Researchers say they have identified germline pathogenic variants (PVs) that are associated with an increased risk of invasive lobular carcinoma (ILC) of the breast.
PVs in ATM, BRCA2, CDH1, CHEK2, and PALB2 were associated with an increased risk of ILC, but PVs in BRCA1 were not, according to the researchers. They reported these findings in the Journal of Clinical Oncology.
The researchers noted that the involvement of PVs from cancer predisposition genes is not well-defined in ILC. To gain some insight, they used population-based and clinical high-risk cohorts to assess the risks of ILC conferred by inherited PVs.
The population-based cohort included 2999 patients with ILC, 20,323 patients with infiltrating ductal carcinoma (IDC), and 32,544 control individuals.
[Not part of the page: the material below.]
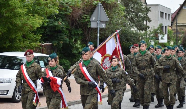 Obchody rozpoczęły się Mszą Św. odprawioną w Kościele Matki Bożej Częstochowskiej, następnie uczestnicy przeszli na Pl. 3 Maja, gdzie odbyła się m.in. uroczysta defilada uczniów oraz pokazy wyszkolenia sportowo-obronnego. Starosta Adam Lubiak w przemówieniu przypomniał bohaterską historię Patrona szkoły – pilotów 111. Eskadry Myśliwskiej, którzy walczyli m.in. w obronie Warszawy oraz współtworzyli legendarny Dywizjon 303.
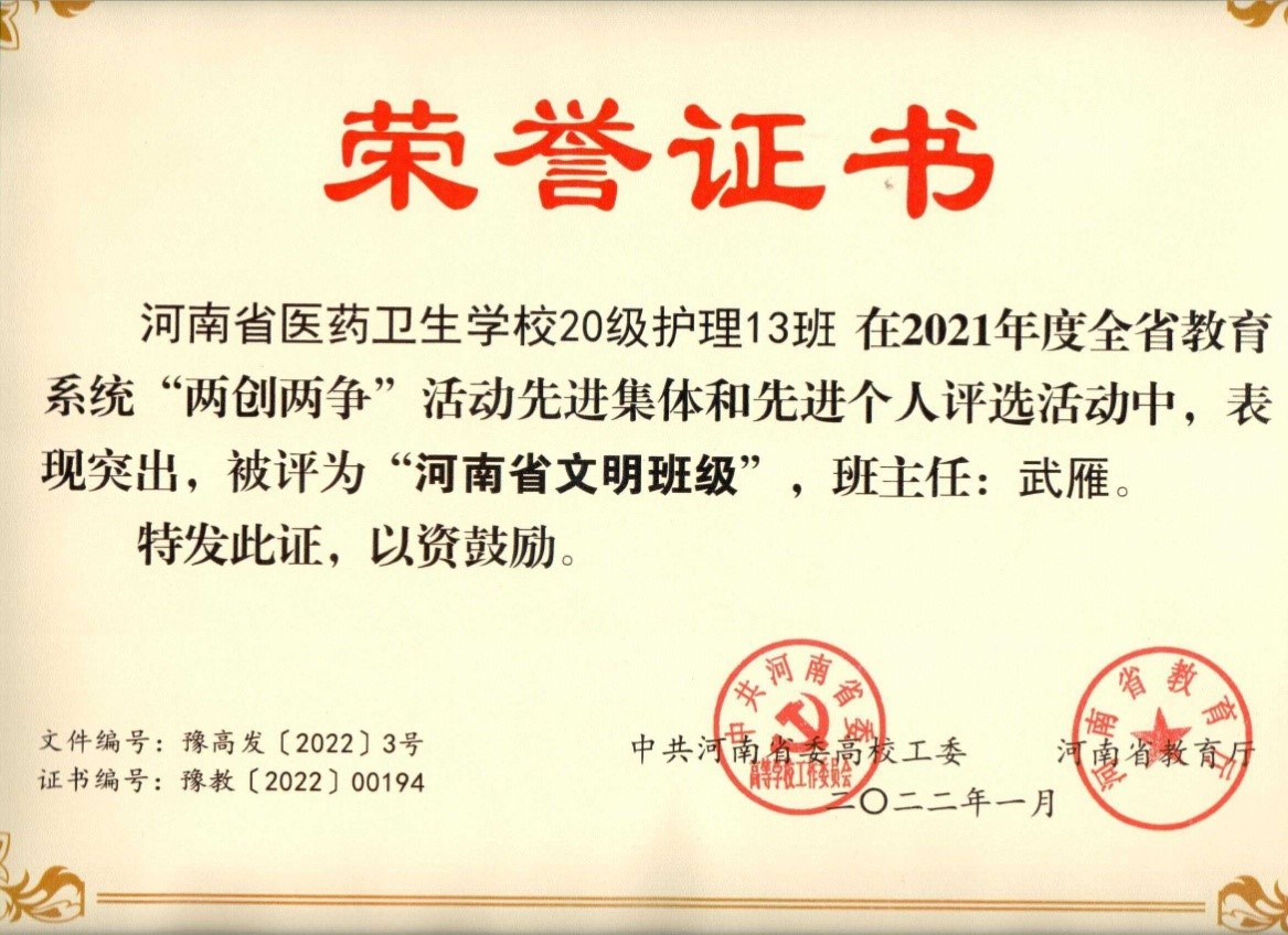 喜 报 近日,从中共河南省委高校工委、河南省教育厅传来喜讯。在其公布的《关于公布2021年度全省教育系统“两创两争”活动先进集体和先进个人评选结果的通知》豫高发〔2022〕3 号中,我校20级护理13班荣获“文明...

The clinical cohort included 3796 patients with ILC and 37,405 patients with IDC.
The mean age at ILC diagnosis was about 54 years in the clinical cohort and 64 years in the population-based cohort. In both cohorts, more than 95% of ILCs were estrogen receptor-positive, and more than 92% were HER2-negative.
The researchers compared the frequencies of germline PVs in 12 known breast cancer predisposition genes — ATM, BARD1, BRCA1, BRCA2, BRIP1, CDH1, CHEK2, PALB2, PTEN, RAD51C, RAD51D, and TP53 — among patients with ILC, those with IDC, and control individuals.
The team also looked at 9 other cancer predisposition genes — CDKN2A, MLH1, MRE11A, MSH2, MSH6, NBN, NF1, PMS2, and RAD50.
Among patients with ILC, the cumulative frequency of PVs in the 12 breast cancer predisposition genes was 6.5% in the clinical cohort and 5.2% in the population-based cohort.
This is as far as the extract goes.